Task brief -
Using the data below, restate exactly every line from the one with "avocado, sopra mozzarella" up to and including the one with "Comme la casquette de Papily !". No picture belongs in it.

Supplied records -
▬▬▬

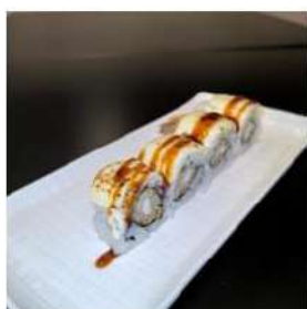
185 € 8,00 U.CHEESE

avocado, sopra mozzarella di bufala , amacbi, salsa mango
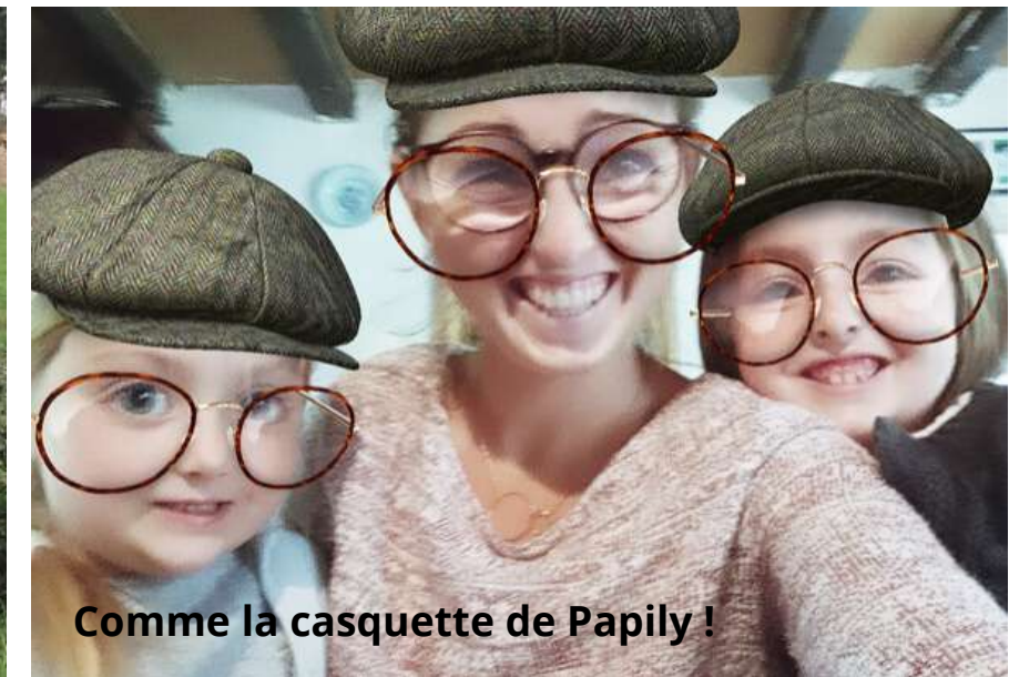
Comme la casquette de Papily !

▬▬▬

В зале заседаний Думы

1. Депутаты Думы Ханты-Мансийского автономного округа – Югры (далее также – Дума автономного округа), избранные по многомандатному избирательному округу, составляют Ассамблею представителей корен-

▬▬▬

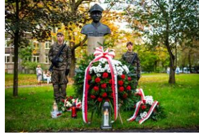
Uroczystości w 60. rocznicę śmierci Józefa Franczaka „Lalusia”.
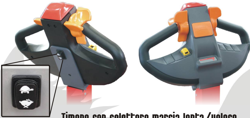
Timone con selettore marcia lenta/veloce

▬▬▬

Task response -
avocado, sopra mozzarella di bufala , amacbi, salsa mango
Comme la casquette de Papily !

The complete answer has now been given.